Thursday 5 February 2015

Is It Time To Take The War To ISIS?

I am against war. I am against conflict. I have spent my life reaching out to those at the extremes and to work for peace. 

With a heavy heart, placing my life in the hands of my Creator, in humility and sorrow, I arrive at a place where I am left to contemplate - is it now time to take the war to ISIS?

Before all else, let us first place things in their correct context.

Western intervention in the Middle East has lead to this. We in the West, have to take our medicine and stop the denials. There is overwhelming evidence relating to the funding, arming and support for ISIS and its precursors at the hands of Western governments. This is a thing that there is no point in arguing. It is a historic matter that has been superseded by events – however, there is no peace without justice, and without this acknowledgement, the great fear is that Western governments will continue to live under the misguided and misplaced belief that their (our) exceptionalism is justified. It isn’t.

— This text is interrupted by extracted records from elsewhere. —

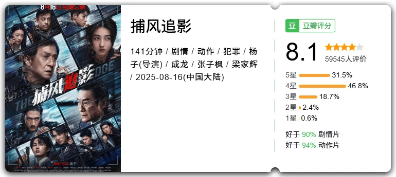 顶着外界先入为主的“烂片”质疑和刻板印象,《捕风追影》在点映期间口碑持续逆风上行,8月16日正式上映后,骰盅终于揭晓:作为档期唯一的国产硬核动作类型片,豆瓣8.1分,猫眼专业版预测票房10亿+,大概率将成为暑期档季军,年度票房第六。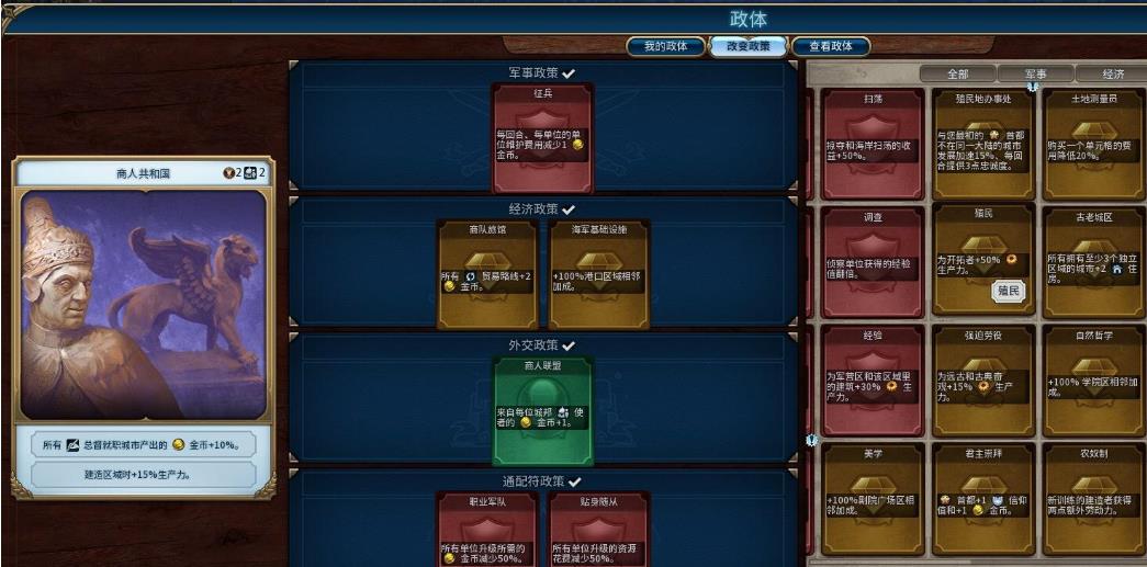 投资文化的同时也不能忽视科技的发展,美国特色的国家公园能吸引游客,增加旅游胜利点数,所以在保障科技进步的基础上,要适度加大对文化的投入。尽量加快对“政府广场”这一区域建筑的研究速度,以便尽早建立起并升级专用政府形式,从而获得不同的政策加成。
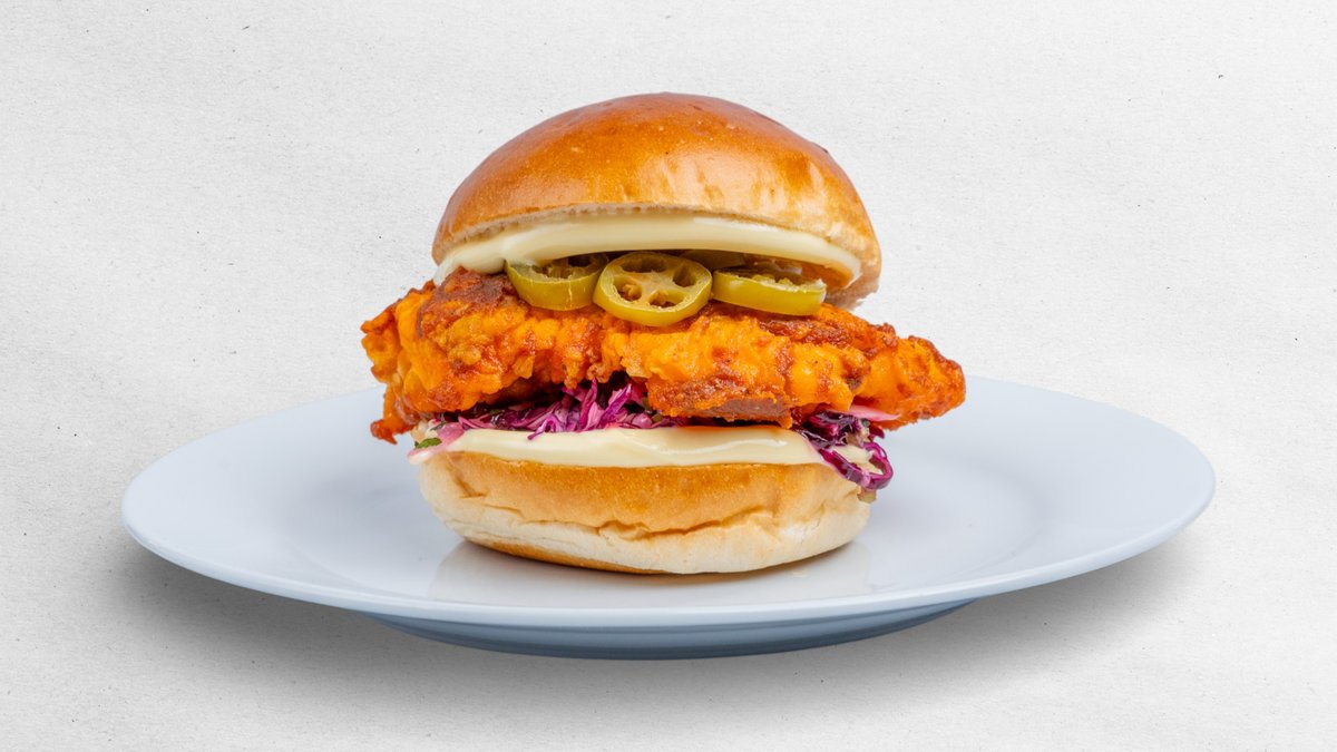 KUŘECÍ PRSO MARINOVANÉ V KOŘENÍ A KEFÍRU, SMAŽENÉ V CHILLI OLEJI A KOŘENÍ, NÁŠ COLESLAW S WASABI A KORIANDREM, JALAPENOS PAPRIČKY, MAJONÉZA, HLADKÁ BRIOŠKA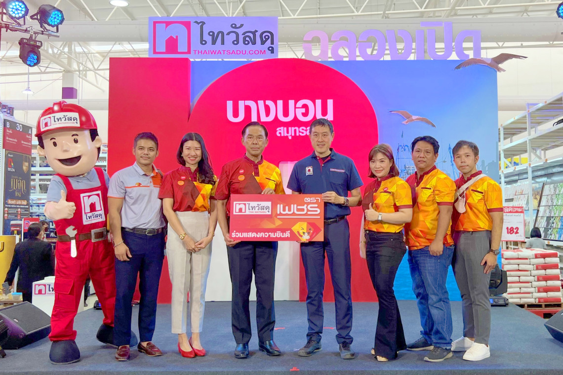 สาธิต สุดบรรทัด ประธานเจ้าหน้าที่บริหาร พิชญานันท์ ล้อวรลักษณ์ ผู้ช่วยประธานเจ้าหน้าที่บริหารสายการขายและการตลาด บริษัท ผลิตภัณฑ์ตราเพชร จำกัด (มหาชน) หรือ DRT ร่วมแสดงความยินดีกับ สุทธิสาร จิราธิวัฒน์ ประธานเจ้าหน้าที่บริหาร บริษัท ซีอาร์ซี ไทวัสดุ จำกัด ผู้บริหารศูนย์รวมสินค้าและวัสดุอุปกรณ์เพื่อการตกแต่งและซ่อมแซมที่อยู่อาศัยอย่างครบวงจร ภายใต้ชื่อ ‘ไทวัสดุ’ เนื่องในโอกาสเปิดให้บริการไทวัสดุสาขาที่ 65 บางบอน จังหวัดสมุทรสาคร เพื่อขยายฐานลูกค้าและตอบสนองความต้องการใช้สินค้าวัสดุก่อสร้างและซ่อมแซมที่อยู่อาศัยในจังหวัดสมุทรสาคร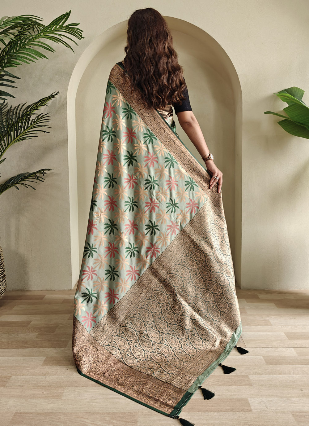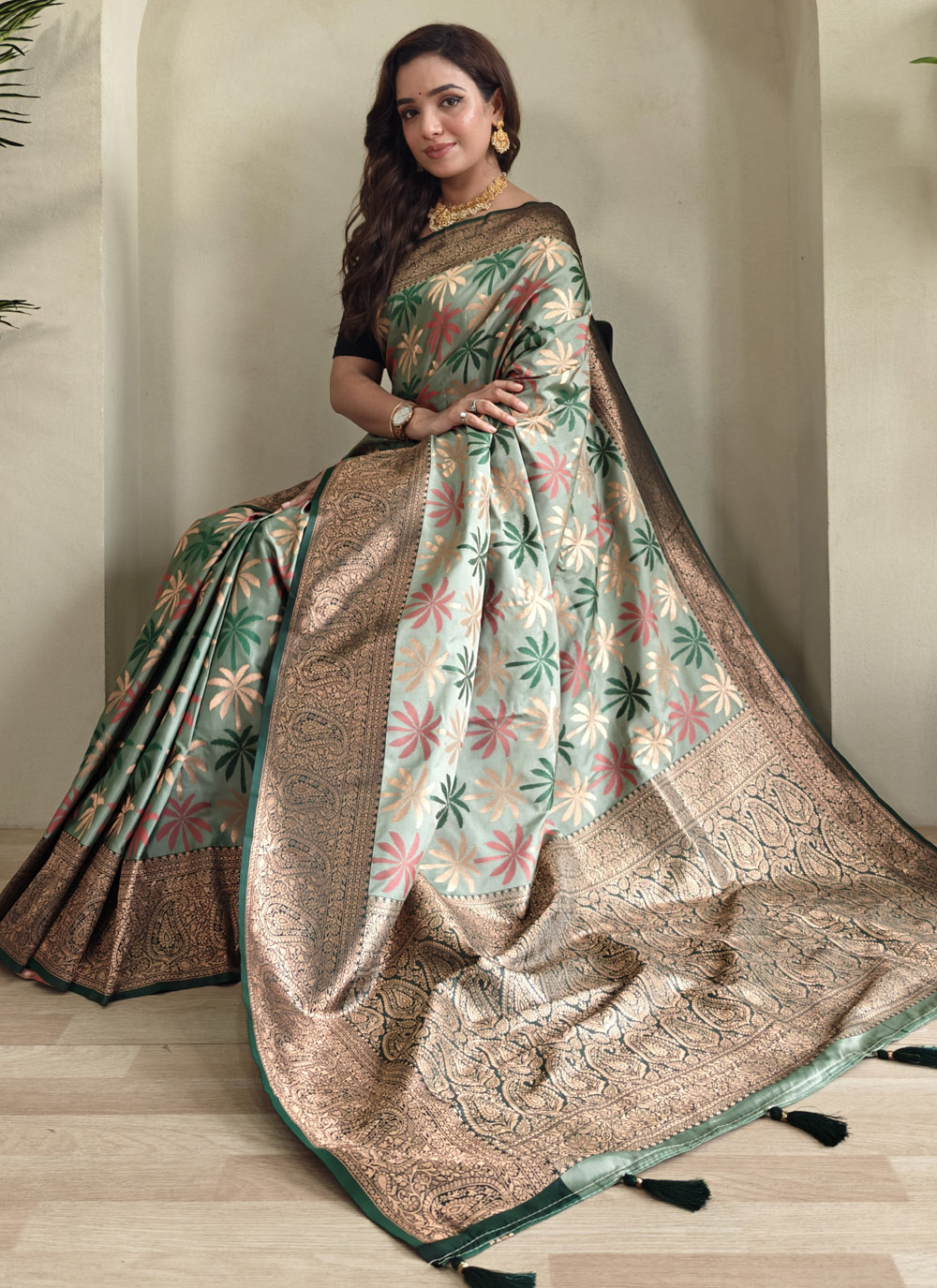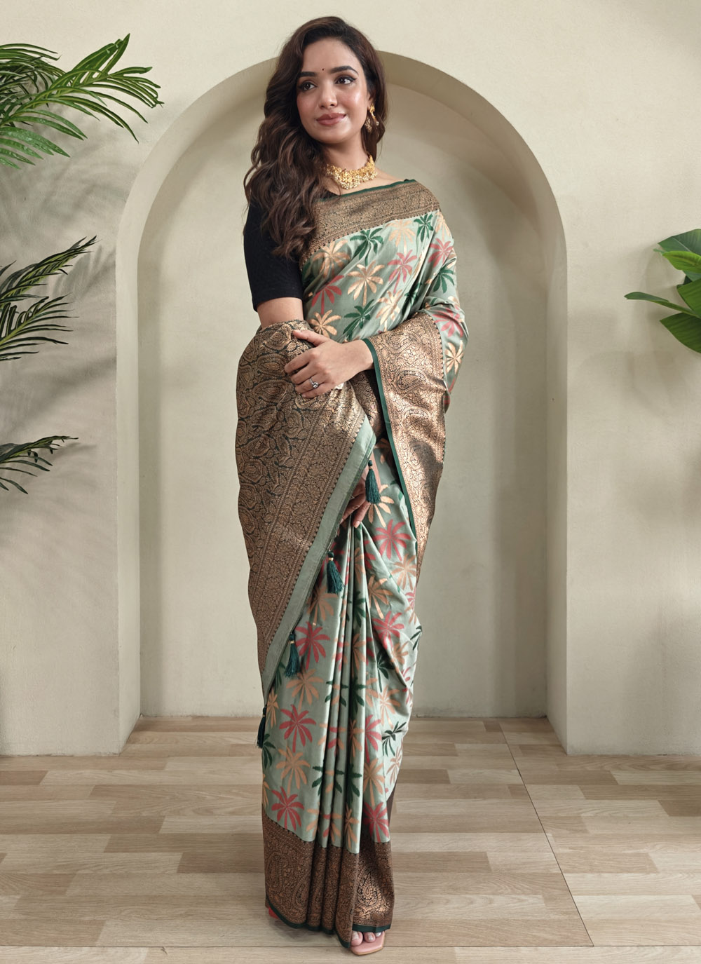 Woven from fine silk in a soothing sea green shade, this saree features artistic jacquard patterns that add depth and richness. Perfect for formal events or traditional festivities, it offers a graceful look that blends heritage with class. Comes with matching blouse.

The destruction of the Middle East is no new game. The Berlin Congress in 1878 saw the Western powers come together to divide-up the territories of the Middle East and Africa, amongst themselves. It mattered not that people of antiquity lived in those territories, in relative peace. And so hell was brought to these places, and undoubtedly, whilst the benefits of modernity came to places, tyrants were installed and supported, native populations wiped-out, tribes and ethnic groups were studied, categorised and pitted one against another, to destruction. It has been a straight line to today.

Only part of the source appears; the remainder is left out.